There are several additional regulatory guidance documents addressing issues related to recovery arms in toxicity studies. In these guidances, demonstration of reversibility for all toxicity findings is not indicated. The most recent guidances, which reflect current thinking, are International Conference on Harmonisation (ICH) S6 R1, Preclinical Safety Evaluation of Biotechnology-derived Pharmaceuticals (ICH 2011), and ICH S9, Nonclinical Evaluation for Anticancer Pharmaceuticals (ICH 2009b). These were preceded by ICH M3 (R2), Non-clinical Safety Studies for the Conduct of Human Clinical Trials and Marketing Authorization for Pharmaceuticals (ICH 2009a). Importantly, the recently published ICH M3 (R2) Guidance on Nonclinical Safety Studies for the Conduct of Human Clinical Trials and Marketing Authorization for Pharmaceuticals Questions & Answers (R2; ICH 2012) is consistent with ICH S6 R1 and S9. The recommendations and clarifications therein are in alignment with the best practices described within this document. The relevant sections of these regulatory guidelines are provided in Table 1.

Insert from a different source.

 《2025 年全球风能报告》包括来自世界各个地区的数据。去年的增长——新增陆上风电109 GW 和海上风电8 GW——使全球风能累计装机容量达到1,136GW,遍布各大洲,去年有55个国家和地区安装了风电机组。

Regulatory guidance documents addressing issues related to recovery arms in toxicity studies.
Note. ICH = International Conference on Harmonisation.

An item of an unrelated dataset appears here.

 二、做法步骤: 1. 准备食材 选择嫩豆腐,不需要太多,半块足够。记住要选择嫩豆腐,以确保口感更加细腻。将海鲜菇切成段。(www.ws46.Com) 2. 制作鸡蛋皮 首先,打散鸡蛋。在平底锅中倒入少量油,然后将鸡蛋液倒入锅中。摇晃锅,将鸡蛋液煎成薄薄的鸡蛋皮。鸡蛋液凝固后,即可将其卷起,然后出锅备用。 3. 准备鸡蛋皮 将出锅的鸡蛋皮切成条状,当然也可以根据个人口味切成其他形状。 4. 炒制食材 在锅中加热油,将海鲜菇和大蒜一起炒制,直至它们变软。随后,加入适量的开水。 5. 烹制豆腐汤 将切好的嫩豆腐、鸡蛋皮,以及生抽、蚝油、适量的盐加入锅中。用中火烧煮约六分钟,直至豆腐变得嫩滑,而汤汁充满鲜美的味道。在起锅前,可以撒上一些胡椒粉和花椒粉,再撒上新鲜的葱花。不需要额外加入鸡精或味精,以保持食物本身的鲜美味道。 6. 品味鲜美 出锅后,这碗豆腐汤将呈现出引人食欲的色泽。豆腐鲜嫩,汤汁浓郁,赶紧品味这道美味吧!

Collectively, these guidelines suggest that a recovery group should be considered in those cases where prior studies indicate there is a severe adverse effect at the approximate clinical exposure and the reversibility of that toxicity cannot be predicted. In addition, these guidelines indicate that demonstration of complete recovery is not required.
Historically, ICH S6 recommended that nonclinical studies with biologic test articles include additional animals to assess delayed toxicity that might occur following dosing cessation. However, inclusion of recovery period in a study for assessment of delayed toxicity is not supported by the current addendum to ICH S6 R1, and there is no suggestion of conducting recovery studies to detect delayed toxicity in ICH S9. Similarly, there is no recommendation for the evaluation of delayed toxicity in ICH M3 (R2) with one unique exception: specifically designed microdose studies to support exploratory clinical trials.

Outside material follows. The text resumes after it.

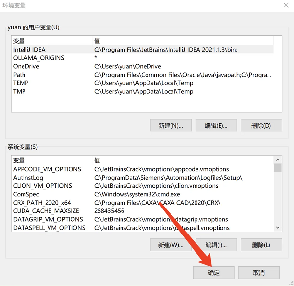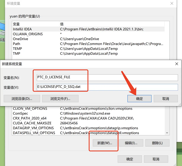 6、点击新建系统变量,在变量名输入【PTC_D_LICENSE_FILE】,变量值输入【E:\LICENSE\PTC_D_SSQ.dat】,然后点击确定。

Nonclinical studies to support drug development of conventional bacterial or viral vaccines typically include a recovery group based on the 2003 World Health Organization (WHO) Guidelines on Nonclinical Evaluation of Vaccines which suggests that sponsors should “evaluate reversibility of adverse effects observed during the treatment period and to screen for the potential delayed adverse effects.” The relevance of recovery and potential delayed toxicity assessment in nonclinical vaccine studies are further discussed separately in this document.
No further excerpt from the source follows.